Ceza Hukuku 2002 yılında yapılan, köklü değişiklik sonrasında 5237 sayılı Türk Ceza Kanunu kapsamında; gerçek ve tüzel kişilerin sosyal, temel hak ve özgürlüklerini korunmasına yardımcı olan, sosyal, temel hak ve özgürlükleri kısıtlanan veya kullanılmasını güçleştiren durumlara karşı belirli esasları benimseyerek, suç tiplerine özgü ceza müeyyidelerinin düzenlendiği hukuk dalıdır.
Ceza Hukukunda;
- Kusursuz ceza olmaz ilkesi
- Kanunilik ilkesi
- Belirlilik ilkesi
- Kıyas yasağı
- Geriye yürüme yasağı
olarak benimsenmiş olan temel ilke ve esaslar mevcuttur.

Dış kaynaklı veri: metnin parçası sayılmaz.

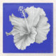 Dessous de verre en verre avec Hibiscus blanc sur un arrière - plan bleu royal. Merci à Hungryjpeg pour certains des éléments du design.

Bu kapsamda da, Ceza hukukunda ilke ve esasların aktif şekilde uygulanması açısından, ceza yargılamalarında müdafinin önemi ortaya çıkmaktadır. Ceza Hukuku, en çok avukat ihtiyacı duyulan hukuk dallarından bir tanesidir. Nitekim, sanık açısından hürriyetten yoksun kalarak ceza infaz kurumuna girme tehlikesi mevcuttur. Bu sebeple de gerçek veya tüzel kişilerin ceza hukuku noktasında, ceza avukatlarından destek alarak süreci yönetmeleri önem arz etmektedir.
Birçok karşılaşılan durumda, kişilerin olayları ciddiyetle karşılamadığı, “bundan ceza mı verilir?” algısı içerisinde oldukları görülmektedir. Bunun sonucu olarak da, yargılama neticesinde kişilere ceza verilmekte olup, istinaf ve temyiz aşamasında avukat arayışına girildiği görülmektedir.
Ancak bir ceza dosyasının;
Kolluk aşamasında ilk ifade verilirken başladığının unutulmaması ve sürecin daha ilk başında bir ceza avukatından destek alınması halinde sürecin seyrinin çok daha farklı olabileceği ve avukatın savunma araçlarını daha etkin kullanabileceği unutulmamalıdır.